Work task >>
Once the line containing "Триъгълните цветни модули" is found in the records below, return it and each following line exactly, up to and including the line containing "研究人员通过蛋白组学研究,确定了 Aurora 蛋白激酶家族中的", and nothing else.

Data in this exercise >>
***

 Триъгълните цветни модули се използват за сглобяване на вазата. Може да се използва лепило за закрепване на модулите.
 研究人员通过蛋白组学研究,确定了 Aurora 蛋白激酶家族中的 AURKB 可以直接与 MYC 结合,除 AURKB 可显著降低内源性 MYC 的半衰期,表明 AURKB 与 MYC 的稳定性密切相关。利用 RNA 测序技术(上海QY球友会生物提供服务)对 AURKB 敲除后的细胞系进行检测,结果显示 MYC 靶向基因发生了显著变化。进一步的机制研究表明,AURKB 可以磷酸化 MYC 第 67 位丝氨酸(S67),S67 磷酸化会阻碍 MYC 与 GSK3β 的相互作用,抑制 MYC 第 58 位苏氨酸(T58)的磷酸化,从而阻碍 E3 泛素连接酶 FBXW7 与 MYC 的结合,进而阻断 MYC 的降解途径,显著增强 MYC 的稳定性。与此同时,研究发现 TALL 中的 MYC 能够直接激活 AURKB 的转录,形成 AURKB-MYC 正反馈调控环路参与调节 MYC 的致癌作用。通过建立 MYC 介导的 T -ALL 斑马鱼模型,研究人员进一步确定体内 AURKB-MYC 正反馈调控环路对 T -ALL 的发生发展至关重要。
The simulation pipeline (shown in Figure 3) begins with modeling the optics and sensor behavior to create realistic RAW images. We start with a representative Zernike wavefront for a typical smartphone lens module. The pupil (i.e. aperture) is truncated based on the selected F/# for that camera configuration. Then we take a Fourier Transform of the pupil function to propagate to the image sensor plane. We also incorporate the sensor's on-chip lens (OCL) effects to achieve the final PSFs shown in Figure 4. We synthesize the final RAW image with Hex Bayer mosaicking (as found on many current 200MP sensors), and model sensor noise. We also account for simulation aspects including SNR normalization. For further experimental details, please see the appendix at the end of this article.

***

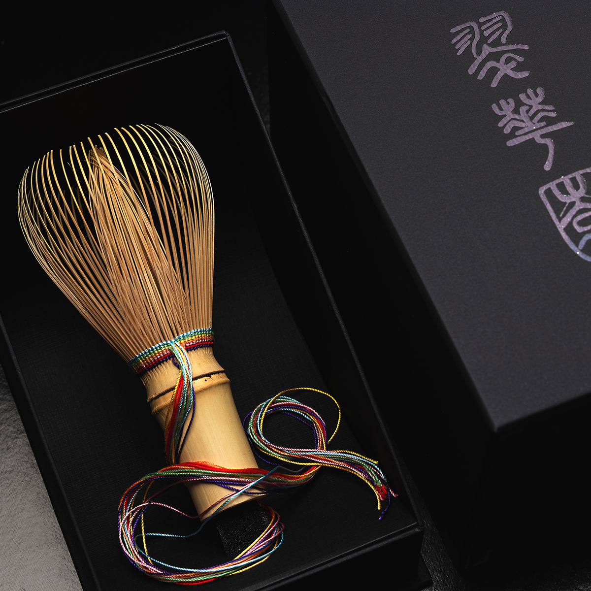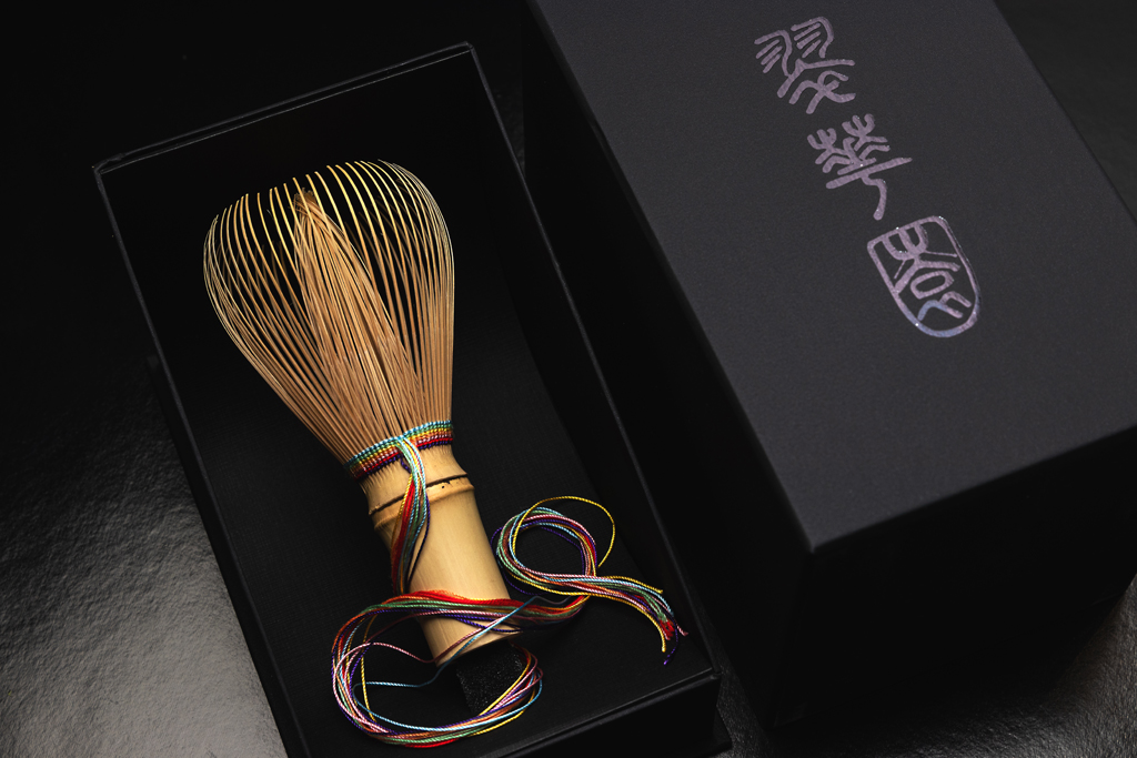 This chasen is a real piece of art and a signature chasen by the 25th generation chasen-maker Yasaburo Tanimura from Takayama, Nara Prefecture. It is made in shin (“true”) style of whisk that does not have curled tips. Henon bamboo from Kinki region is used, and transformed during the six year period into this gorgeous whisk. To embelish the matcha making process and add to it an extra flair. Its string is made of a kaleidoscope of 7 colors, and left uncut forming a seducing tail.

***

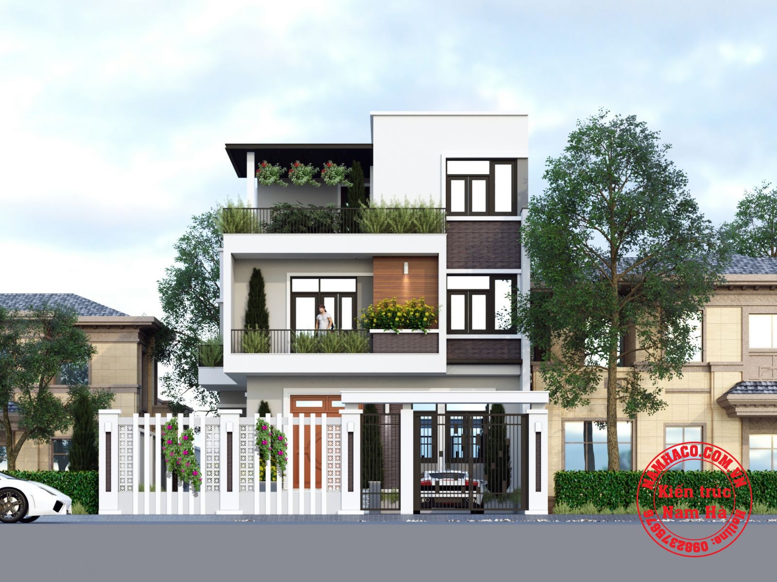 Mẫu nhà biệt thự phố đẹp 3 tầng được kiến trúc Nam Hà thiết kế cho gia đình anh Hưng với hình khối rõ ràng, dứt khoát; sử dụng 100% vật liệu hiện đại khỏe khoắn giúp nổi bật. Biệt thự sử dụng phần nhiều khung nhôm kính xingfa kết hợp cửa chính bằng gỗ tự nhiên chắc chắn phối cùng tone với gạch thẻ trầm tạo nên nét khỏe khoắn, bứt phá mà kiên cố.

***

Response to the task >>
 Триъгълните цветни модули се използват за сглобяване на вазата. Може да се използва лепило за закрепване на модулите.
 研究人员通过蛋白组学研究,确定了 Aurora 蛋白激酶家族中的 AURKB 可以直接与 MYC 结合,除 AURKB 可显著降低内源性 MYC 的半衰期,表明 AURKB 与 MYC 的稳定性密切相关。利用 RNA 测序技术(上海QY球友会生物提供服务)对 AURKB 敲除后的细胞系进行检测,结果显示 MYC 靶向基因发生了显著变化。进一步的机制研究表明,AURKB 可以磷酸化 MYC 第 67 位丝氨酸(S67),S67 磷酸化会阻碍 MYC 与 GSK3β 的相互作用,抑制 MYC 第 58 位苏氨酸(T58)的磷酸化,从而阻碍 E3 泛素连接酶 FBXW7 与 MYC 的结合,进而阻断 MYC 的降解途径,显著增强 MYC 的稳定性。与此同时,研究发现 TALL 中的 MYC 能够直接激活 AURKB 的转录,形成 AURKB-MYC 正反馈调控环路参与调节 MYC 的致癌作用。通过建立 MYC 介导的 T -ALL 斑马鱼模型,研究人员进一步确定体内 AURKB-MYC 正反馈调控环路对 T -ALL 的发生发展至关重要。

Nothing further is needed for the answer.